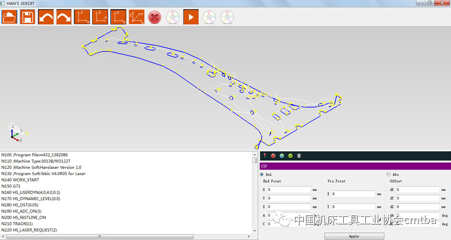 (2)研究RTCP功能數(shù)據(jù)。三維五軸光纖激光切割系統(tǒng)由三大功能塊組成,分別是加工控制模塊、離線編程模塊以及激光切割工藝數(shù)據(jù)庫。結(jié)合加工裝備的硬件集成,面向三維五軸光纖激光切割工藝的軟件二次開發(fā),給予PC工控平臺設(shè)計數(shù)控系統(tǒng)控制類函數(shù),開發(fā)三維五軸光纖激光切割控制應(yīng)用程序接口,實現(xiàn)三維五軸光纖激光切割機(jī)床運(yùn)動控制以及工藝調(diào)節(jié)等功能。
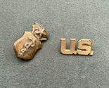 This authentic WWII-era U.S. Army Medical Department collar insignia pair includes: ? ?U.S.? service pin marked KREW ? 1/20 SIL-FILLED ? G1, indicating 1/20 silver-filled construction by Krew Co., a WWII-era insignia maker. ? Medical Department enlisted badge, featuring the Rod of Asclepius on a shield above a five-point star, symbolizing enlisted medical personnel. Reverse marked S-21, attributed to Vanguard or Amcraft subcontractors (circa 1940s?1950s). Each measures approximately 1 inch tall. Both pins retain their original patina and posts, showing light age wear consistent with period service. Condition: Very good vintage condition with expected surface toning. See photos for details. Era: World War II to early Korean War Materials: Silver-filled metal alloy Collectible use: Military display, shadow box, or uniform restoration
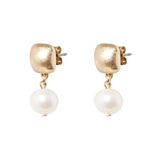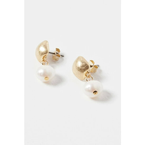 Oliver Bonas White Ottileigh Square And Pearl Drop Stud Earrings
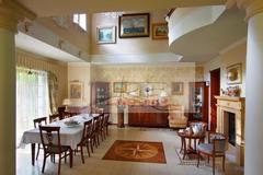Prestiżowa lokalizacja w Konstancinie, piękna rezydencja gotowa do zamieszkania. W 2014r i w 2022r. remont, nowe tarasy. Pięknie położony dom zaprojektowany przez Architekta, przestronne wnętrza, wysokie, cały doświetlony - wysokie okna. Doskonały do wypoczynku. Parter salon 76m2 wyjście na taras i do ogrodu, gabinet, wiatrołap, hall, WC, kuchnia widna z nowoczesnym AGD, garderoba, kotłownia, garaż na 2 samochody. Piętro hall z antresolą, trzy sypialnie, garderoba, łazienka, gabinet, pralnia, salon. Standard wykończenia Ściany - gładź gipsowa, tapety, glazura Podłogi - parkiet, terakota Schody - drewniane Okna - drewniane-mahoniowe Parapety - drewniane Drzwi zewnętrzne - antywłamaniowe, drewniane-mahoniowe. Wyposażenie oferowane w cenie do uzgodnienia. Do budynku przynależy garaż, taras, ogród, dodatkowy ładny dom dla gości. Cena do negocjacji. Prezentacja nieruchomości wyłącznie przez Art-Service Real Estate nieruchomości zapraszam.
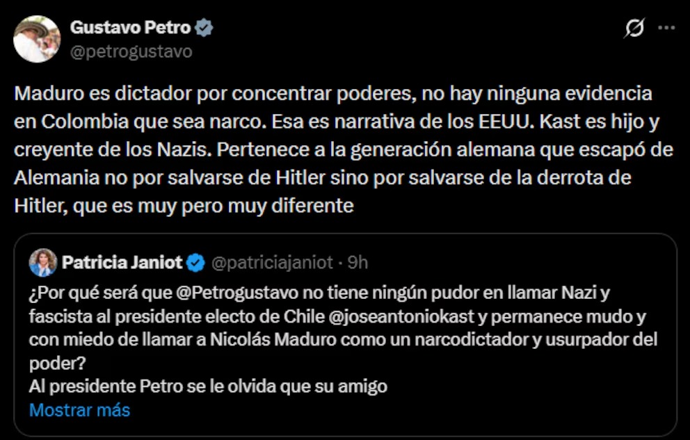 En su mensaje, la periodista recordó que Petro ha calificado en el pasado al presidente electo de Chile, José Antonio Kast, como “nazi” y “fascista”, y le reprochó no emplear términos similares para referirse al gobierno venezolano, al que acusó de usurpación del poder tras procesos electorales cuestionados.

:::::

• [WHAT YOU HAVE TO DO]
Copy the listing word for word, excluding its pictures.

• [REPLY TO THE TASK]
 (2)研究RTCP功能數(shù)據(jù)。三維五軸光纖激光切割系統(tǒng)由三大功能塊組成,分別是加工控制模塊、離線編程模塊以及激光切割工藝數(shù)據(jù)庫。結(jié)合加工裝備的硬件集成,面向三維五軸光纖激光切割工藝的軟件二次開發(fā),給予PC工控平臺設(shè)計數(shù)控系統(tǒng)控制類函數(shù),開發(fā)三維五軸光纖激光切割控制應(yīng)用程序接口,實現(xiàn)三維五軸光纖激光切割機(jī)床運(yùn)動控制以及工藝調(diào)節(jié)等功能。
 This authentic WWII-era U.S. Army Medical Department collar insignia pair includes: ? ?U.S.? service pin marked KREW ? 1/20 SIL-FILLED ? G1, indicating 1/20 silver-filled construction by Krew Co., a WWII-era insignia maker. ? Medical Department enlisted badge, featuring the Rod of Asclepius on a shield above a five-point star, symbolizing enlisted medical personnel. Reverse marked S-21, attributed to Vanguard or Amcraft subcontractors (circa 1940s?1950s). Each measures approximately 1 inch tall. Both pins retain their original patina and posts, showing light age wear consistent with period service. Condition: Very good vintage condition with expected surface toning. See photos for details. Era: World War II to early Korean War Materials: Silver-filled metal alloy Collectible use: Military display, shadow box, or uniform restoration
 Oliver Bonas White Ottileigh Square And Pearl Drop Stud Earrings
Prestiżowa lokalizacja w Konstancinie, piękna rezydencja gotowa do zamieszkania. W 2014r i w 2022r. remont, nowe tarasy. Pięknie położony dom zaprojektowany przez Architekta, przestronne wnętrza, wysokie, cały doświetlony - wysokie okna. Doskonały do wypoczynku. Parter salon 76m2 wyjście na taras i do ogrodu, gabinet, wiatrołap, hall, WC, kuchnia widna z nowoczesnym AGD, garderoba, kotłownia, garaż na 2 samochody. Piętro hall z antresolą, trzy sypialnie, garderoba, łazienka, gabinet, pralnia, salon. Standard wykończenia Ściany - gładź gipsowa, tapety, glazura Podłogi - parkiet, terakota Schody - drewniane Okna - drewniane-mahoniowe Parapety - drewniane Drzwi zewnętrzne - antywłamaniowe, drewniane-mahoniowe. Wyposażenie oferowane w cenie do uzgodnienia. Do budynku przynależy garaż, taras, ogród, dodatkowy ładny dom dla gości. Cena do negocjacji. Prezentacja nieruchomości wyłącznie przez Art-Service Real Estate nieruchomości zapraszam.
 En su mensaje, la periodista recordó que Petro ha calificado en el pasado al presidente electo de Chile, José Antonio Kast, como “nazi” y “fascista”, y le reprochó no emplear términos similares para referirse al gobierno venezolano, al que acusó de usurpación del poder tras procesos electorales cuestionados.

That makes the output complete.